一方、謙信率いる上杉軍は国境沿いに陣を敷いていた
「謙信様、椎名軍と明智軍がもうすぐ到着しそうです」
「そうか。時間通りだな…」
佐助から近況報告を受けながら、冷たい眼差しで間も無く現れるであろう場所を見据える
「舞さんの無事も確認しました。今は明智光秀の馬に乗せられてこちらへ向かっています」
「っ、何だと…っ。舞を馬に乗せるなど…!」
(舞に触れるなど…許さん…!)
「落ち着いて下さい!謙信様!!こちらから攻めれば舞さんが危険です!」
佐助の言葉に、ギリ…と歯を噛み締め、今にも駆け出したい衝動を抑え込む
握りしめた掌からは血が滲んでいた
やがて現れた椎名軍は、上杉軍に向かって口上を述べ始める
それを聞きながら、謙信は怒りを露わにした
「義がないのは貴様の方だろう。復讐の為に舞を攫い、利用したのだからな」
「ふん、同盟を一方的に反故にし裏切った代償をたっぷりと味わうがいい。
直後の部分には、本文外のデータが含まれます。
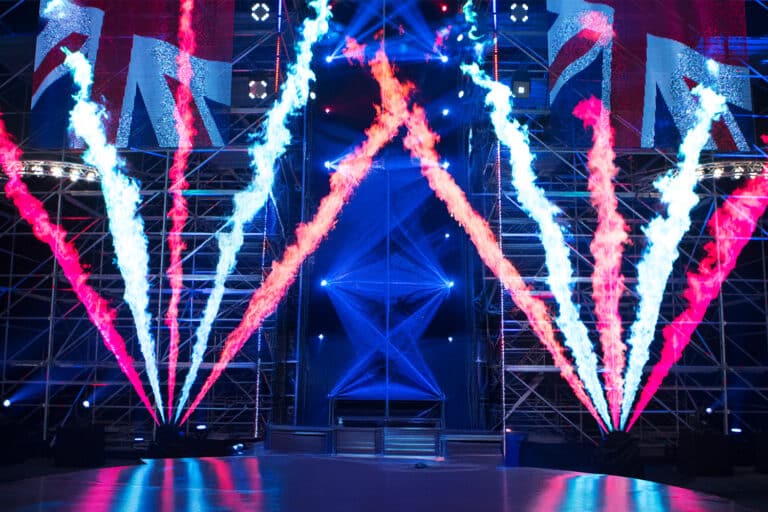 The C-Flamer Quad features a waterproof stainless-steel casing that withstands touring and outdoor environments while delivering long-duration performance. Control is handled via DMX-512, enabling precise programming of colour transitions, timing, and synchronized cues alongside lighting and other FX.
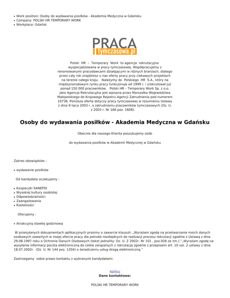 ● ● ● Work position: Osoby do wydawania posiłków - Akademia Medyczna w Gdańsku Company: POLSKI HR TEMPORARY WORK Workplace: Gdańsk Polski HR – Temporary Work to agencja rekrutacyjna wyspecjalizowana w pracy tymczasowej. Współpracujemy z renomowanymi pracodawcami działającymi w różnych branżach, dlatego przez cały rok znajdziesz u nas oferty pracy przy ciekawych projektach na terenie całego kraju. Należymy do Polskiego HR S.A., który na międzynarodowym rynku pracy funkcjonuje od 1999 r. i zrekrutował już ponad 150 000 pracowników. Polski HR – Temporary Work Sp. z o.o. jako Agencja Rekrutacyjna jest wpisana przez Marszałka Województwa Małopolskiego do Krajowego Rejestru Agencji Zatrudnienia pod numerem 10736. Poniższa oferta dotyczy pracy tymczasowej w rozumieniu Ustawy z dnia 9 lipca 2003 r. o zatrudnianiu pracowników tymczasowych (Dz. U. z 2003 r. Nr 166 poz. 1608). Osoby do wydawania posiłków - Akademia Medyczna w Gdańsku Obecnie dla naszego Klienta poszukujemy osób do wydawania posiłków w Akademii Medycznej w Gdańsku Zakres obowiązków : ● wydawanie posiłków Od kandydata oczekujemy : ● ● ● ● ● Książeczki SANEPID Wysokiej kultury osobistej Odpowiedzialności Zaangażowania Rzetelności Oferujemy : ● Atrakcyjną stawkę godzinową W przesyłanych dokuąmentach aplikacyjnych prosimy o zawarcie klauzuli: „Wyrażam zgodę na przetwarzanie moich danych osobowych zawartych w mojej ofercie pracy dla potrzeb niezbędnych do realizacji procesu rekrutacji zgodnie z Ustawą z dnia 29.08.1997 roku o Ochronie Danych Osobowych (tekst jednolity: Dz. U. Z 2002r. Nr 101 , poz.926 ze zm.).”„Wyrażam zgodę na wysyłanie informacji poczta elektroniczną do celów związanych z rekrutacją zgodnie z przepisami art. 10 ust. 2 ustawy z dnia 18.07.2002r. (Dz. U. Nr 144 poz. 1204) o świadczeniu usług drogą elektroniczną.” Zastrzegamy sobie prawo kontaktu z wybranymi kandydatami. Aplikuj Dane kontaktowe: POLSKI HR TEMPORARY WORK Send Save Print Tweet

織田軍という後盾を得た今、上杉など敵ではないわ!」
男は吐き捨てるように言い放ち、軍を率いて先陣を切った
国境を越え、上杉軍を圧倒していく
後ろでは明智軍の鉄砲隊が構えていた
劣勢を強いられ、じわじわと後退する上杉軍を追い、意気揚々と軍を押し上げていく
「はははっ、軍神が聞いて呆れるわ!何と容易い…!これならば信長などおらずとも勝てる…!」
男は軍をどんどん押し上げ、完全に上杉軍の領地に入り込んだ、その瞬間
防戦に徹していた謙信は、単騎で男の元へと突っ込んで行った
周りの兵を薙ぎ倒し、圧倒的な力でねじ伏せる
「な、何をしている!相手は一人だ!さっさと片付けんか!!」
男は家臣を盾にして後ろへ下がろうとしたが、後ろでは明智軍が男の軍を取り囲み銃を構えていた
.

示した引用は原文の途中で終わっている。